# [Your task]
In the listing below, find the line with "The Ines Dress" and the line with "ACH 방법으로 돈을", then return them and every line between them exactly, minus the pictures.

# [Given records]
※

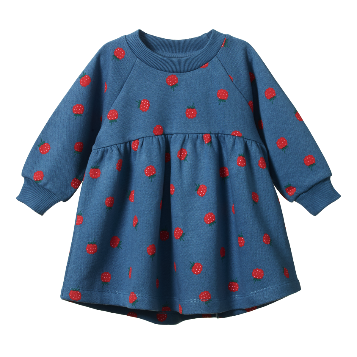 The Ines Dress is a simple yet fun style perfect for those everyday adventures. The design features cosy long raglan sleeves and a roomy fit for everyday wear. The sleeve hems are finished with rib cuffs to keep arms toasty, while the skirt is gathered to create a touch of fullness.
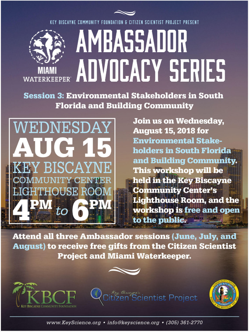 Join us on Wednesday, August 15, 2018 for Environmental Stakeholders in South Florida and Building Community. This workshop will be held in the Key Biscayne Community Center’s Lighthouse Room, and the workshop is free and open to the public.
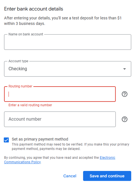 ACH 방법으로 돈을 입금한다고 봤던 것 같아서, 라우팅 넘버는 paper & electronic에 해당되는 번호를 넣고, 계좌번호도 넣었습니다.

※

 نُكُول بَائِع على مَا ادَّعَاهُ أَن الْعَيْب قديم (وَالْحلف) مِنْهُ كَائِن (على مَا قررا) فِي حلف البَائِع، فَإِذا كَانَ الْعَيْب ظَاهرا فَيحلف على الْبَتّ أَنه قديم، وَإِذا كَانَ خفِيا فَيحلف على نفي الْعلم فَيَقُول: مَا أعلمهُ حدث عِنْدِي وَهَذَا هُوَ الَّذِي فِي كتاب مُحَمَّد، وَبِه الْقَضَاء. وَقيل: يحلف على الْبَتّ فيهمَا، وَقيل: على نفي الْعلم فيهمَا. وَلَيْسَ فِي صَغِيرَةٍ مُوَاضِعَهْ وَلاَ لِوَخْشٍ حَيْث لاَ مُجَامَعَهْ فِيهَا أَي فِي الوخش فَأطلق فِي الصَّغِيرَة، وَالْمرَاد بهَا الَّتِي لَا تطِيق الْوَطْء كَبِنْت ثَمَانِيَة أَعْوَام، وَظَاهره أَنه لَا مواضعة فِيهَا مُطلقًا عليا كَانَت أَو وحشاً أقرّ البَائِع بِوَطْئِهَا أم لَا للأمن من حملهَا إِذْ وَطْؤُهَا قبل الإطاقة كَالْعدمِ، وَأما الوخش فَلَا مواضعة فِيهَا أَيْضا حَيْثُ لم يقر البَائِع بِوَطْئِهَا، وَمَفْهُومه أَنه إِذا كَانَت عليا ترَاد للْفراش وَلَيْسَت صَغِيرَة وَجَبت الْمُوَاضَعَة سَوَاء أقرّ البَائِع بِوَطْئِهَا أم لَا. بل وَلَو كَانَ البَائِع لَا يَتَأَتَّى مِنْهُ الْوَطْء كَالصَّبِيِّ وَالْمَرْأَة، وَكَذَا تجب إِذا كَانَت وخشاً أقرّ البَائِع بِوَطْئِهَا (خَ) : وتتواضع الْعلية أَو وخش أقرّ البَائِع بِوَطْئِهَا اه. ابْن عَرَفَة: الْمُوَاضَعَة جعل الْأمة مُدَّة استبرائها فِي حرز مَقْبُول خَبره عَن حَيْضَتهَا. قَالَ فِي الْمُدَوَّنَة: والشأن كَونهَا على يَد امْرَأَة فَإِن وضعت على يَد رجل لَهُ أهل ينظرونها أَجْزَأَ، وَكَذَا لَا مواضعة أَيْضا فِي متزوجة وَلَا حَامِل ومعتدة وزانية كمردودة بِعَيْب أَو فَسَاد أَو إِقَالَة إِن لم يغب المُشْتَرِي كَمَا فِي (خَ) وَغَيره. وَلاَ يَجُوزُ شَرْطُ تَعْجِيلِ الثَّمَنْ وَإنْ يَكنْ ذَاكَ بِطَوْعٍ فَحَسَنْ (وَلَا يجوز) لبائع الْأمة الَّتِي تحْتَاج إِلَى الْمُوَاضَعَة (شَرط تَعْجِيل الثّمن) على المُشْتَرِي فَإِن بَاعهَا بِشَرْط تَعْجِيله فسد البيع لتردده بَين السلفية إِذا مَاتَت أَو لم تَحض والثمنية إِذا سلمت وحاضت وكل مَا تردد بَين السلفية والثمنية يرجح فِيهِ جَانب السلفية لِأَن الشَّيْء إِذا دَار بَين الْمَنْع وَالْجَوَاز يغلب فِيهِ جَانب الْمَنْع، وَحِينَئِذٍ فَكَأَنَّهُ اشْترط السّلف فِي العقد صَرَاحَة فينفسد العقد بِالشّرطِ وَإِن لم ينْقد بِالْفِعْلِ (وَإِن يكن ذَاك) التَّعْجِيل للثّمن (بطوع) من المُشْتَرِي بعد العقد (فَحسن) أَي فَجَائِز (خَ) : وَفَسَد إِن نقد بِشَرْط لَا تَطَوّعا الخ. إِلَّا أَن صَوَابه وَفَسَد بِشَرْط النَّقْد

※

# [Completed exercise]
 The Ines Dress is a simple yet fun style perfect for those everyday adventures. The design features cosy long raglan sleeves and a roomy fit for everyday wear. The sleeve hems are finished with rib cuffs to keep arms toasty, while the skirt is gathered to create a touch of fullness.
 Join us on Wednesday, August 15, 2018 for Environmental Stakeholders in South Florida and Building Community. This workshop will be held in the Key Biscayne Community Center’s Lighthouse Room, and the workshop is free and open to the public.
 ACH 방법으로 돈을 입금한다고 봤던 것 같아서, 라우팅 넘버는 paper & electronic에 해당되는 번호를 넣고, 계좌번호도 넣었습니다.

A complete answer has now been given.